The next two weeks was a symptom buffet. Somebody was spinning a large wheel and where it stopped? That was the new insult. Hit me like a freight train. My memory of those days is absent, therapeutically so, I think. Pneumonia came after that. And after pneumonia, recovery from three weeks of misery. Mostly back to normal now, just a bit of stamina to regain.

However. A month, a whole month, even if it’s a short one, mostly erased. No painting. No writing. No visits to CBE. No exercise. Having to rethink life. Again. Home now, no more regular CBE obligations. Being available for Kate’s needs is top of my list. Doesn’t consume all of my time, not even close, so I’m beginning to itch, to want some fruitful self-directed activity.

A new novel? That one I’ve been mentioning? More painting? Reading about art, astrology. Judaism.

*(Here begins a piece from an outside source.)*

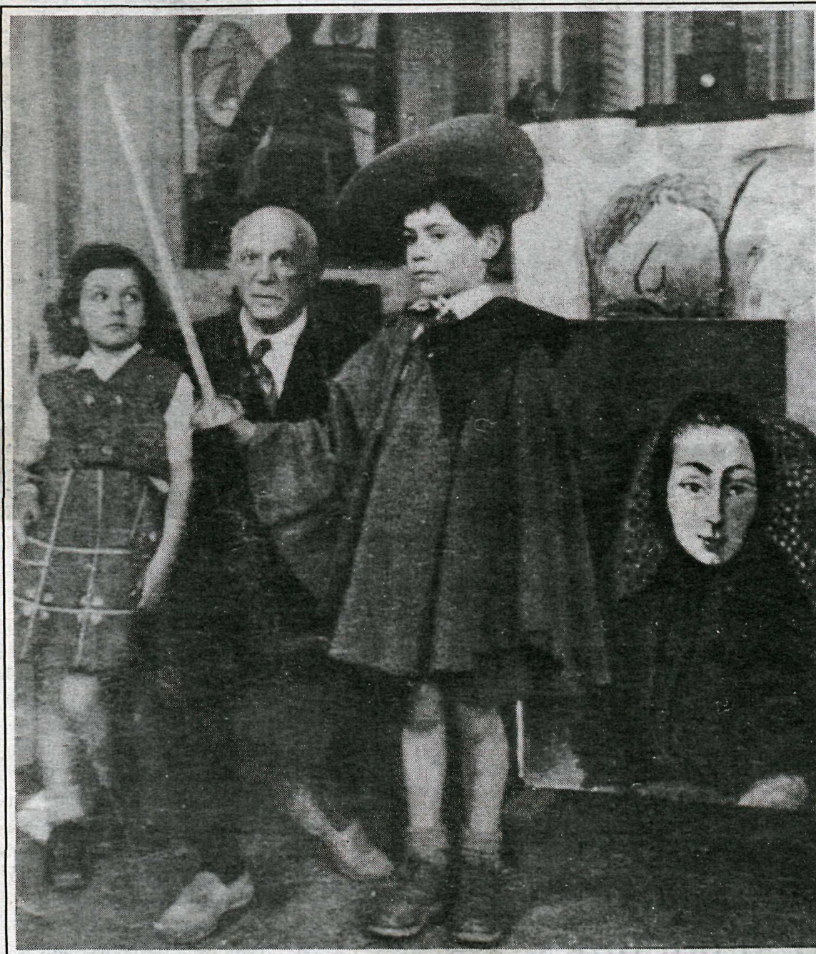
Picasso ásamt Palomu og Claude.

I need a focus, an outlet for my own work. Nothing sticks right now. Guess I’ll just mosey along like I have been, see what comes. Maybe I’ll try some free writing a la Natalie Goldberg. Painting equivalent.

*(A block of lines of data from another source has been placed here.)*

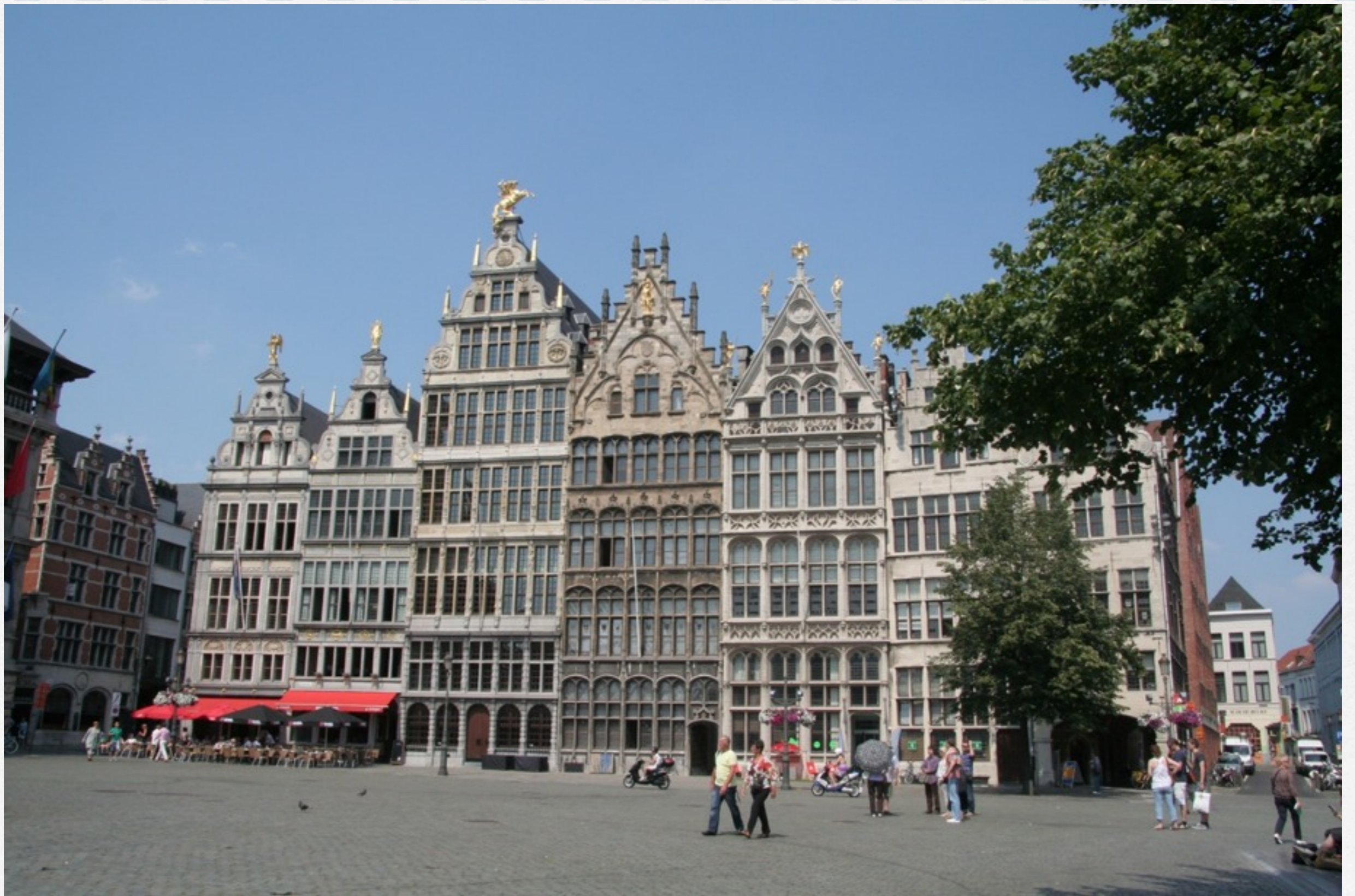
Antvers, la Grand-Place
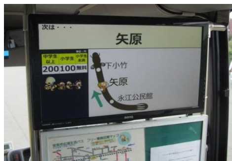
バス車内の降車案内表示盤
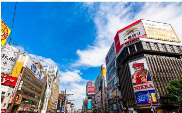
SHOPPING AT SUSUKINO

อิสระอาหารค่ำตามอัธยาศัย (ไม่รวมในรายการ)

No big deal here, trying to get myself reoriented, start the engine. Sputtering. Too much choke.

So Beautiful

Winter                                                                             Waxing Moon

Our snowpack. Needed for the trees and our well

Our snowpack beside the front door. Needed for the trees and our well

Another 6 or 8 inches of snow yesterday. Snowiest January since 1993. The northern half and eastern quadrant of Colorado watersheds have above average snowpack. Critically, the Colorado Headwaters area is at 116%. The south western quadrant of the state though is below average in two spots, including the Durango area where the big fires burned last summer.

So beautiful. The lodgepoles carry snowy covers on their branches. The deer, rabbits, fox that come through our yard leave their tracks.The rising sun colors the snow on Black Mountain, right now a light flush pink. Bright blue sky behind the mountain.

Not so good for those of us animals who need carapaces and wheels. This is the google traffic map from yesterday. Rush hour. Add in altitude and you get a real mess. This is when commuting to Denver from Conifer separates the brave from the foolish.

 

metro roads 1 28

Kate’s initiated a get-out of the house plan. She said last week that she felt isolated and alone, so we’re going to go somewhere each day. Yesterday we went to the post office. Today, the King Sooper Starbucks for Kate while I pick up some groceries. Tomorrow? Who knows?

creation of the waters

creation of the waters

Last week I painted the creation of the universe, the shattering of the ohr. Followed it with the creation of the waters. Next up: land. I tried to show an island in my first attempt. Not so good. I like the first two, I’m starting over today on land. I’m going to get somehow to Eden and humans and that tree. Will take awhile. Hard to say in the abstract paint language I’m using. But, that’s part of the fun.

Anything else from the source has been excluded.